A circuit breaker is the active link in the fault-clearance chain. Even though circuit breakers are comparatively reliable, faults can and do occur. Circuit breakers must thus be tested and maintained to ensure operation when a crucial need arises.
During its 40+ year service life, a circuit breaker must be constantly prepared to do its duty. Long periods of idleness often elapse during which the breaker's mechanical parts never move.
There are many reasons to maintain and test a circuit breaker. Friction and wear can affect the performance of movable parts. Leaks can occur in the valves and seals used in arc-extinguishing chambers, damping devices, pneumatic and hydraulic operating mechanisms. Faults can occur in electrical control circuits, and the contact surfaces in current-carrying circuits can deteriorate, thus increasing the risk of excessive heat generation.

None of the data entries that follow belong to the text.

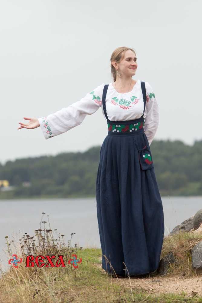 100% синий лён, с вышивкой в виде цвета Калины.
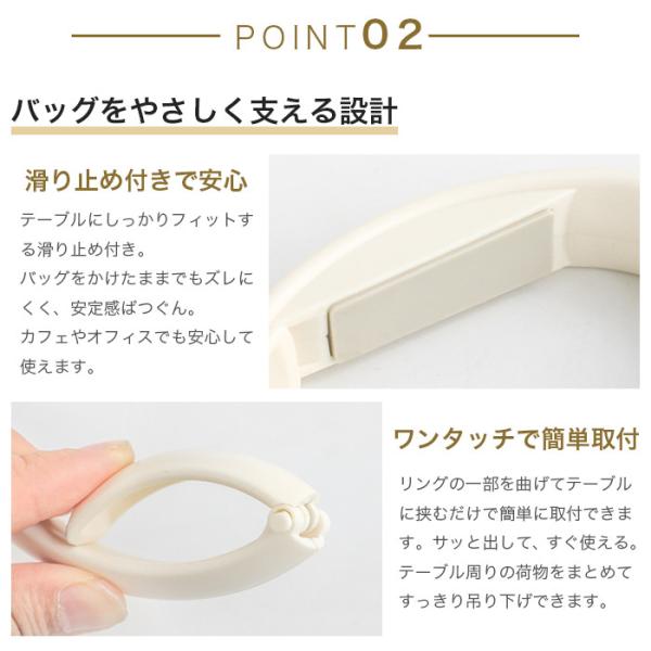 おしゃれで便利なテーブルフックは、外出先やオフィスで大活躍。
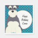 Cute Schnauzer-hund med svart och blå polkpunktsbakgrund och mittpunktstext för anpassade
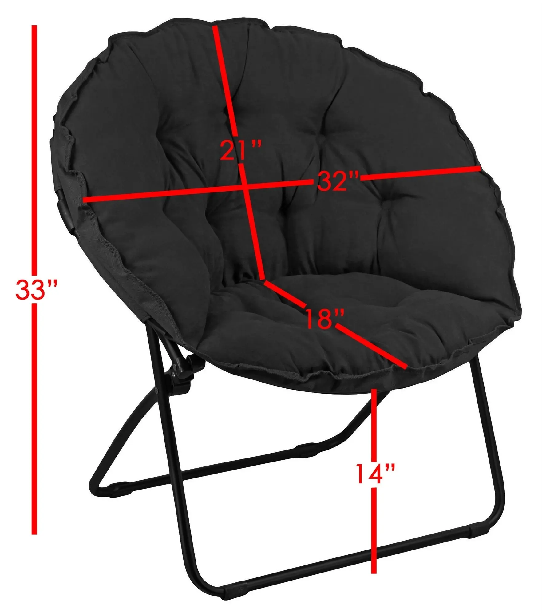 Compliment your dorm or bedroom with this soft and comfortable Saucer Chair. Super comfortable, this padded, microfiber folding chair is perfect for reading, watching TV or just relaxing. This cozy saucer chair is a perfect decorative addition to update or complete any room. Chair easily folds up and can be stored without taking up much space when not in use. Sturdy metal frame with a weight capacity of 225 pounds. Suitable for lounging, dorms or any room. Great when paired with another!
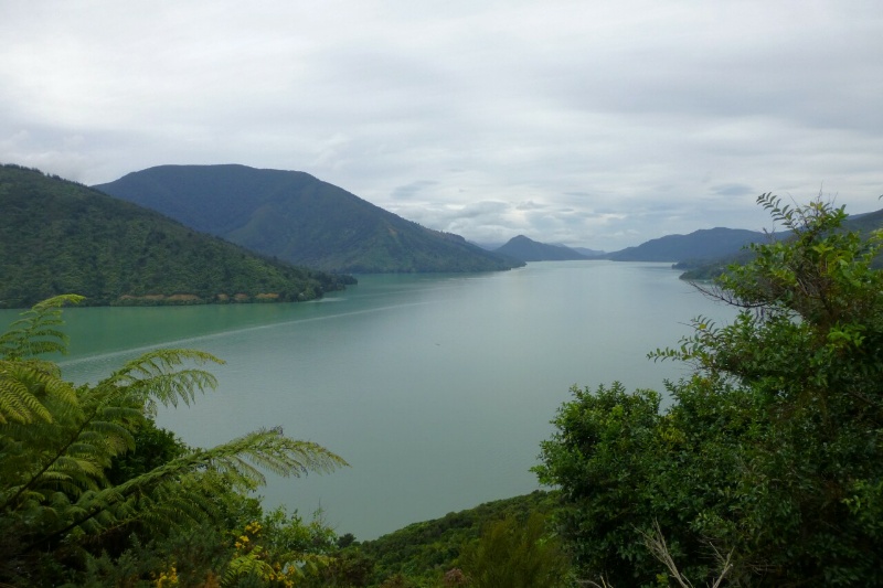 De Marlborough Sounds worden, net als de Great Ocean Road bij Melbourne, geprezen om hun pracht. Dit keer laat ons de weerman echter in de steek. De 26 graden en volle zon worden niet gehaald. Het is weliswaar niet koud en de temperatuur ligt boven de 20 graden, echter de hele dag schijnt de zon nauwelijks en is de hemel bedekt met een lichtgrijze wolken massa. Vanaf Nelson rijden we richting Havelock, waar we afdraaien richting Picton over de beroemde Queen Charlotte Road, die ons langs enkele van de bekende “sounds” (bij ons beter bekend als fjorden) brengt. Het uitzicht is mooi, echter de hoeveelheid wolken zorgen er voor dat de unieke camera fragmenten nauwelijks voorhanden zijn. Vanuit Picton nemen we de Highway 1 richting Blenheim en dan door naar Kaikoura.
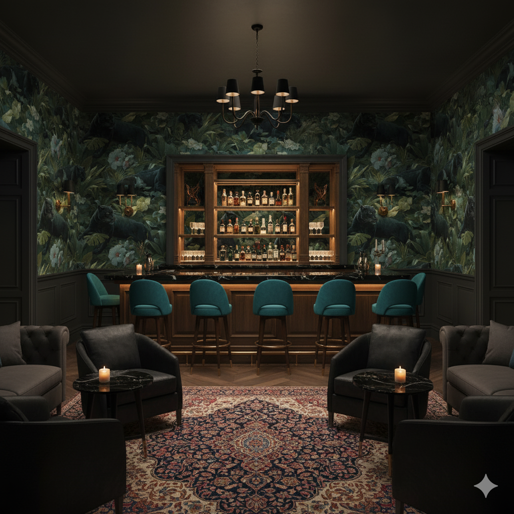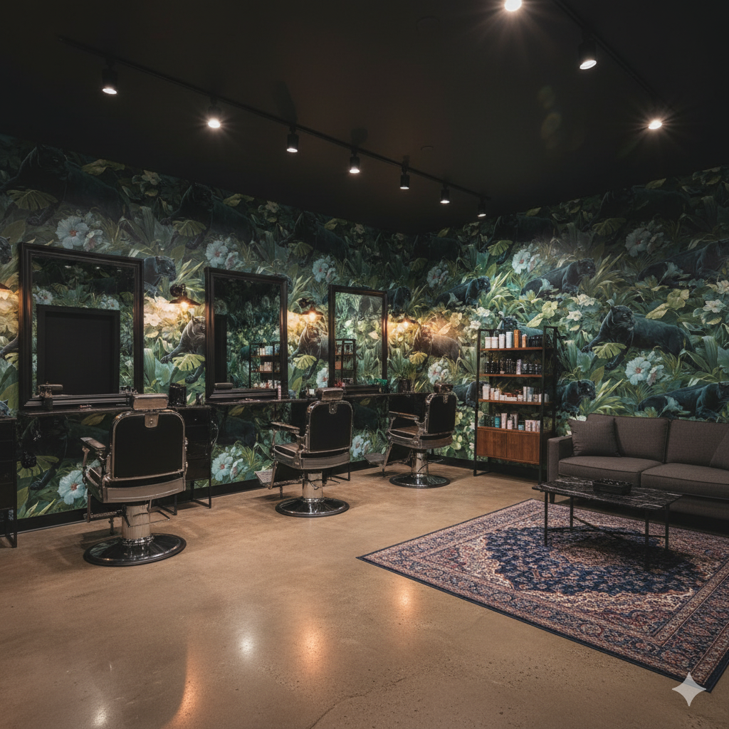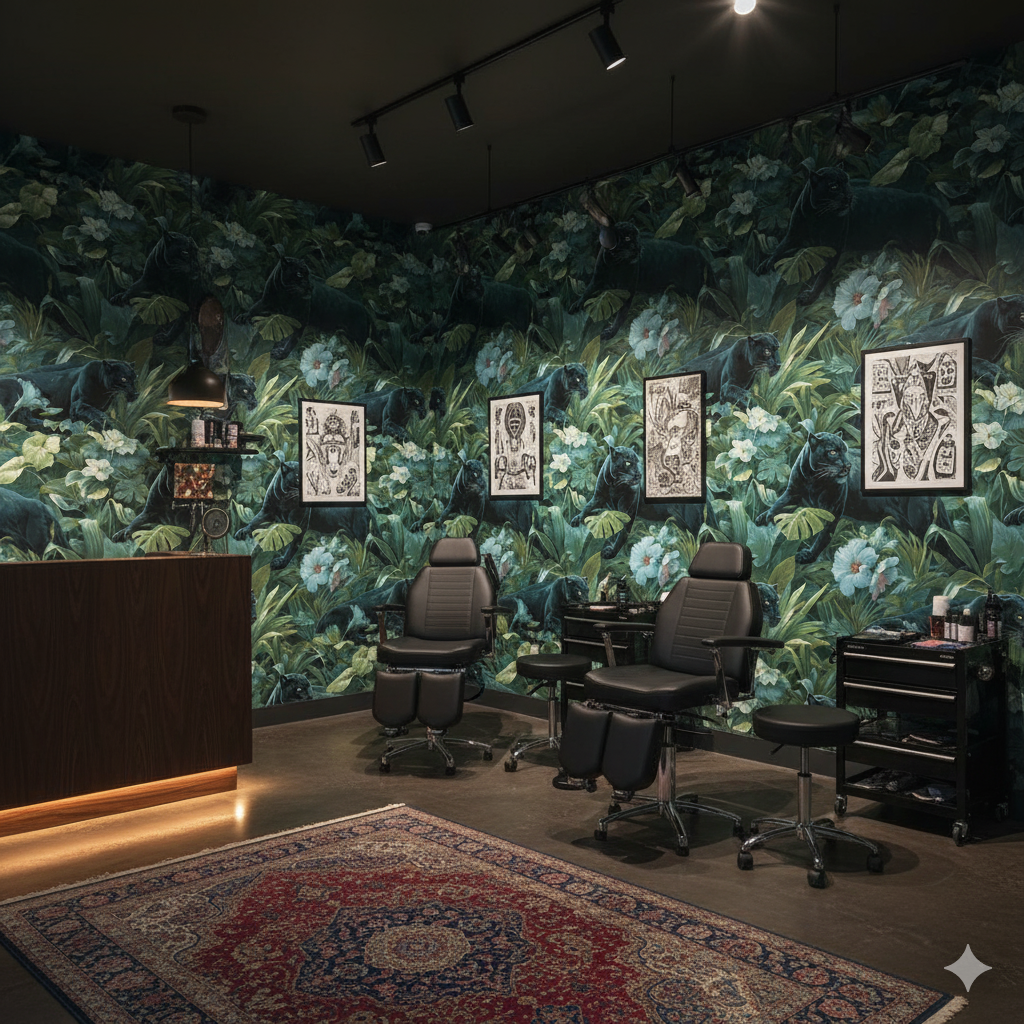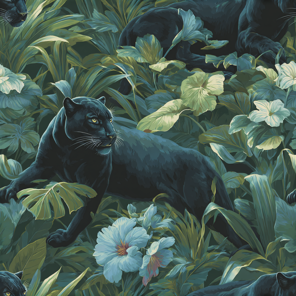 "Shadowstalk" captures the stealth and elegance of black panthers prowling beneath moonlit jungle foliage. With a rich palette of deep indigos, emeralds, and silvery moonlight highlights, this wallpaper exudes mystery and allure. Subtle floral elements peek through the foliage, adding softness to the otherwise bold design. Perfect for dramatic living rooms, upscale lounges, or statement stairwells.

The main object of this invention is to determine the exact velocity through which the contacts in circuit breaker open and close by using piezoelectric effect which converts the mechanical energy of the breakers into corresponding electrical energy using relation
Time = Momentum / Force Where, Momentum = mass * velocity
The piezoelectric effect is understood as the electromechanical interaction between the mechanical and the electrical state in crystalline materials. The piezoelectric effect is a reversible process in that materials exhibiting the direct piezoelectric effect (the internal generation of electrical charge resulting from an applied mechanical force) also exhibit the reverse piezoelectric effect (the internal generation of a mechanical strain resulting from an applied electrical field). For example, lead zirconate titanate crystals will generate measurable piezoelectricity when their static structure is deformed by about 0.1% of the original dimension. Conversely, those same crystals will change about 0.1% of their static dimension when an external electric field is applied to the material as shown in figure 1.

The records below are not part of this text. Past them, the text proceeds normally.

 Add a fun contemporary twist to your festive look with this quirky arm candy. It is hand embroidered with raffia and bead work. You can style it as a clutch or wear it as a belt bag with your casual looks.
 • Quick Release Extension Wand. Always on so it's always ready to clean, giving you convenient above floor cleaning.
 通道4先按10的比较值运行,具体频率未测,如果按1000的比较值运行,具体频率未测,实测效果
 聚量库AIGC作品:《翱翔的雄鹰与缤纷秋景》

As shown in figure 3 when a piezoelectric material is or mounted along the path of moving contacts the piezoelectric material will sense the mechanical energy in moving contacts and convert the corresponding mechanical energy into its electrical energy.
The resulting waveform as shown in fig.5 is less distorted and when compared with theoretical value using simulation tools like Pro-E the practical value actually matches with ±5% of error.
This invention is already established and proven for circuit breaker where the transition time of circuit breakers was checked with some simulating tools like

PRO-E where the practical value obtained through experiment matched with ideal value with ±5% error
The foregoing descriptions of specific embodiments of the present invention have been presented for purposes of illustration and description. They are not intended to be exhaustive or to limit the present invention to the precise forms disclosed, and obviously many modifications and variations are possible in light of the above teaching. The embodiments were chosen and described in order to best explain the principles of the present invention and its practical application, to thereby enable others skilled in the art to best utilize the present invention and various embodiments with various modifications as are suited to the particular use contemplated. It is understood that various omission and substitutions of equivalents are contemplated as circumstance may suggest or render expedient, but such are intended to cover the application or implementation without departing from the spirit or scope of the present invention.

We Claim:
1. A velocity measuring means of a moving contact of a circuit breaker using
crystal, velocity measuring means comprising:
a piezoelectric material disposed along moving path of the moving contact of the circuit breaker the piezoelectric material will sense mechanical energy in the moving contact and convert the corresponding mechanical energy into its electrical energy.